Exact copy, pictures excluded: the lines from the one containing "通勤A字裙纯色西装连衣裙" to the end of the listing.

- **Dataset content**:
══════

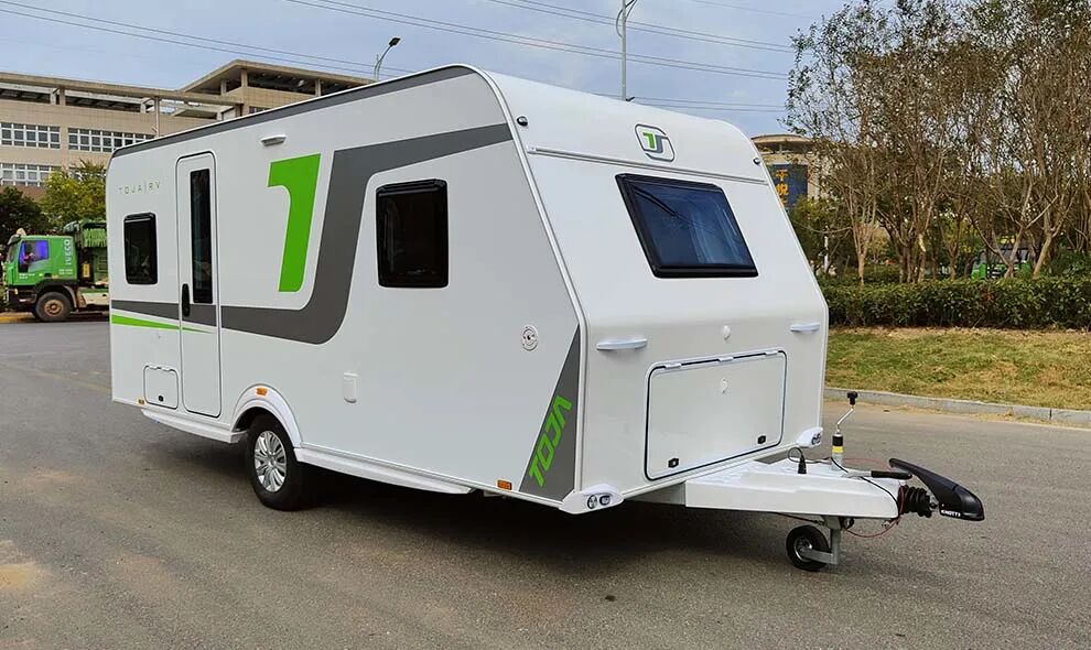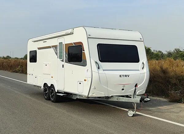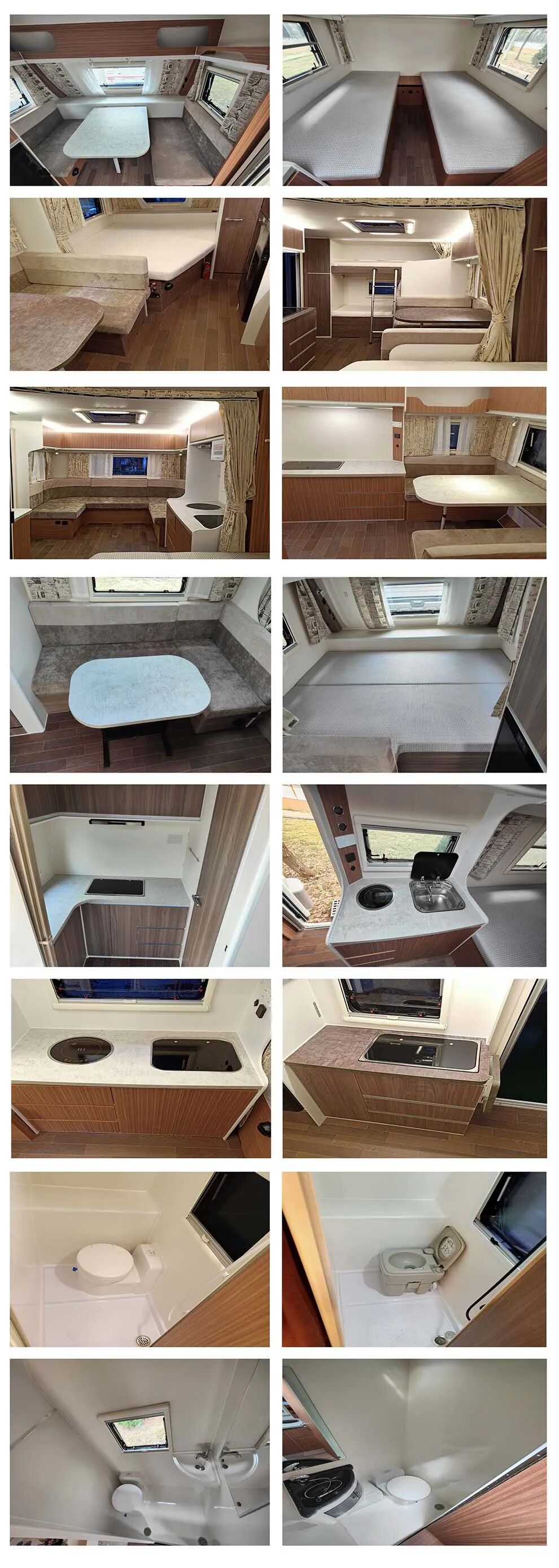 车厢顶部封闭,不可开启;牵引杆深入量为50mm,连接器最大负荷95kg;选装遮阳棚时车宽2250mm,未选装时车宽2150mm;厢体内安装有床铺、桌柜、卫生设施、炊事设施及娱乐设施等;该车非乘用车,行驶过程中不载人;根据内部布置,选装开窗位置及大小,选装舱门位置及大小,选装不同内饰风格;该车辆采用扭力杆悬架形式。
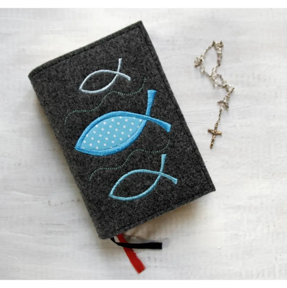 Die Vorderseite zeigt drei Fische in verschiedenen Blautönen und angedeuteten Wellen. Am Buchrücken steht in pastelltürkis „Gotteslob“.
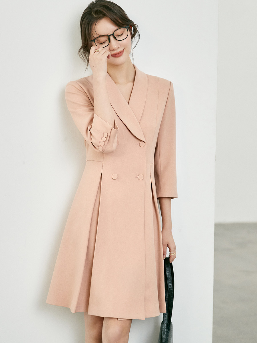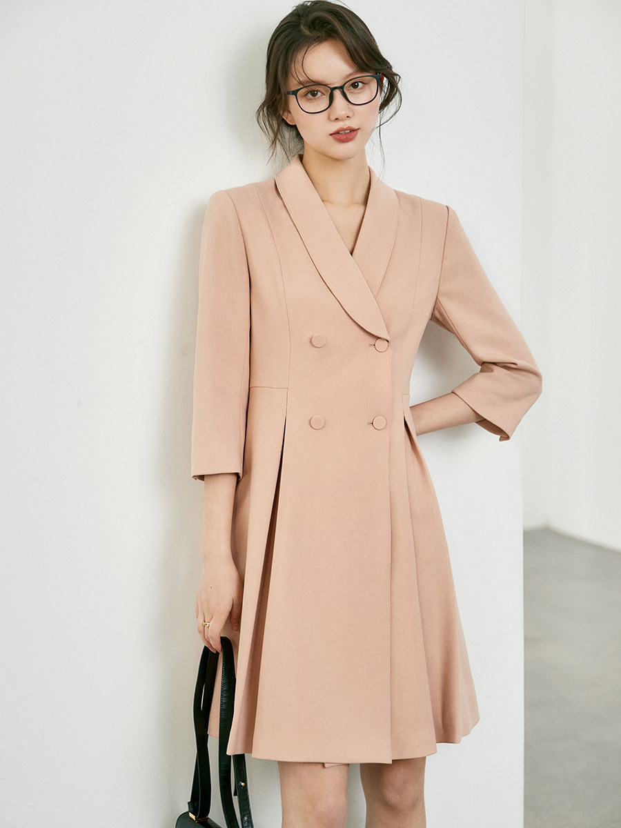 通勤A字裙纯色西装连衣裙
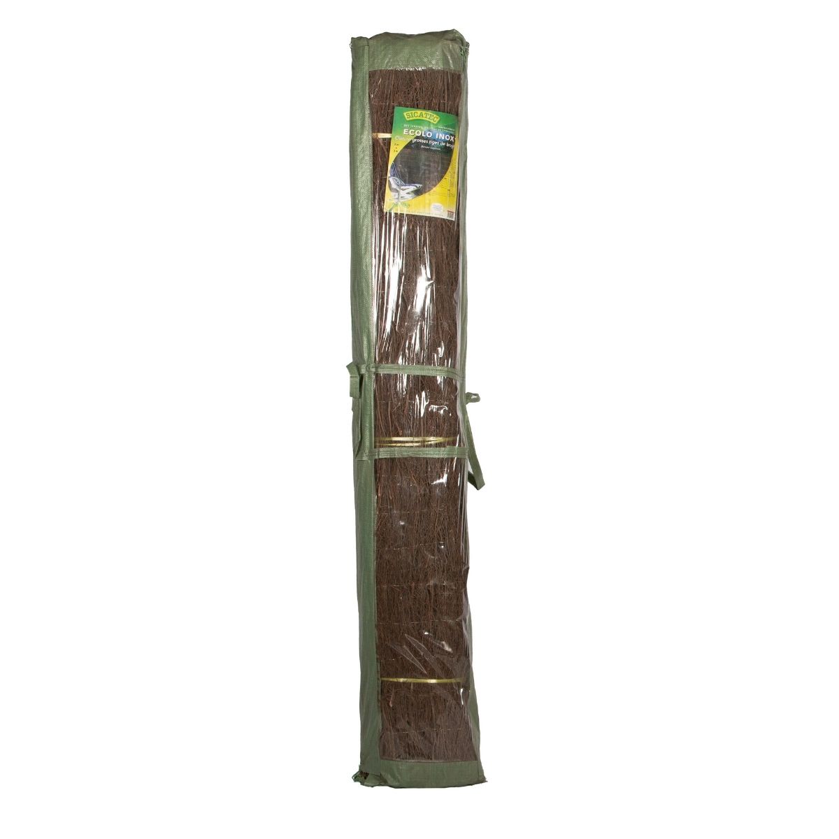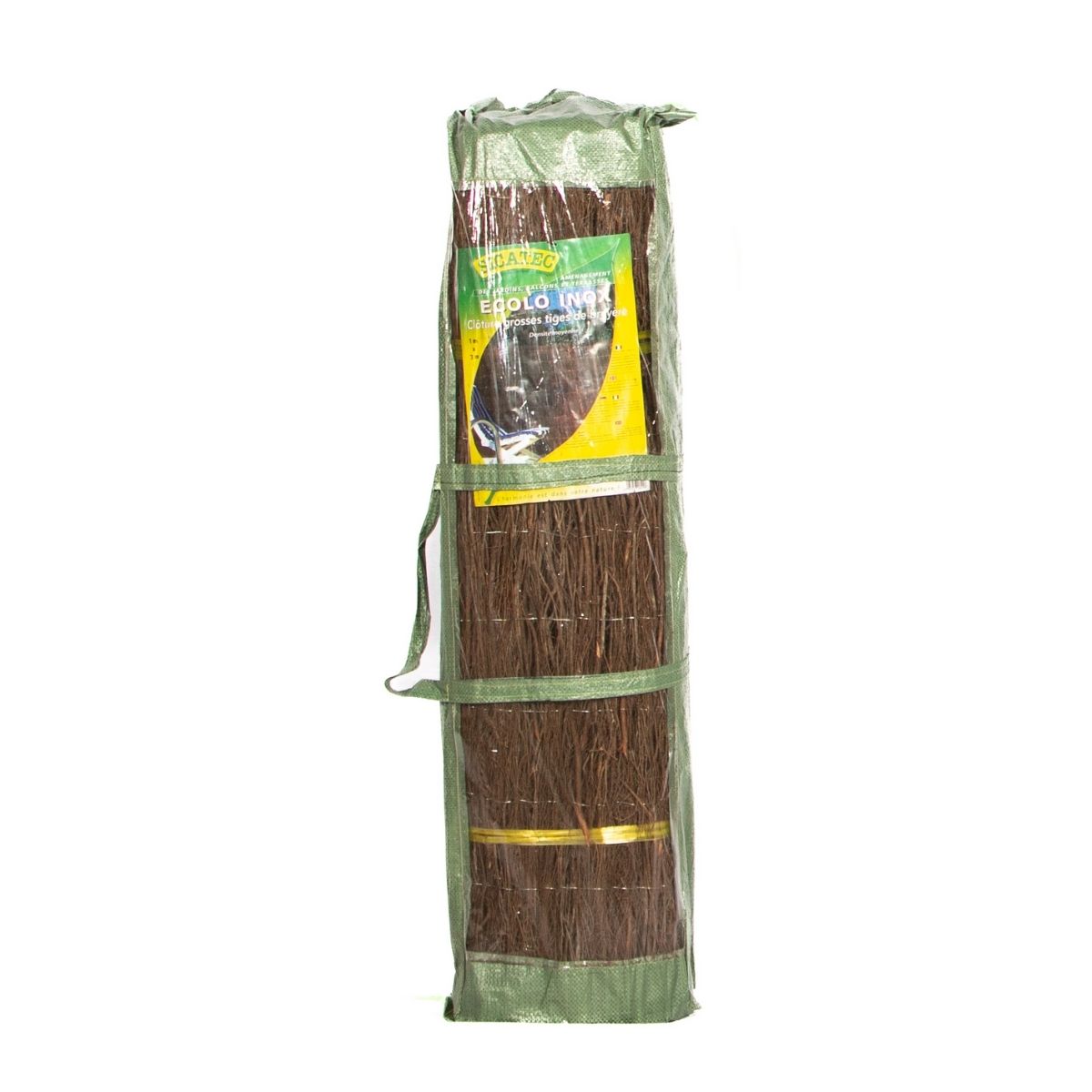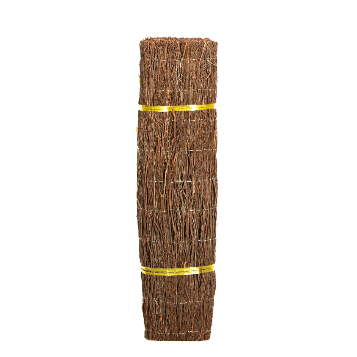 Heather fence made of thick, rot-proof stems of medium density, woven with stainless steel wire, delivered with a biodegradable carrying bag.

══════

- **Solution to this task**:
 通勤A字裙纯色西装连衣裙
 Heather fence made of thick, rot-proof stems of medium density, woven with stainless steel wire, delivered with a biodegradable carrying bag.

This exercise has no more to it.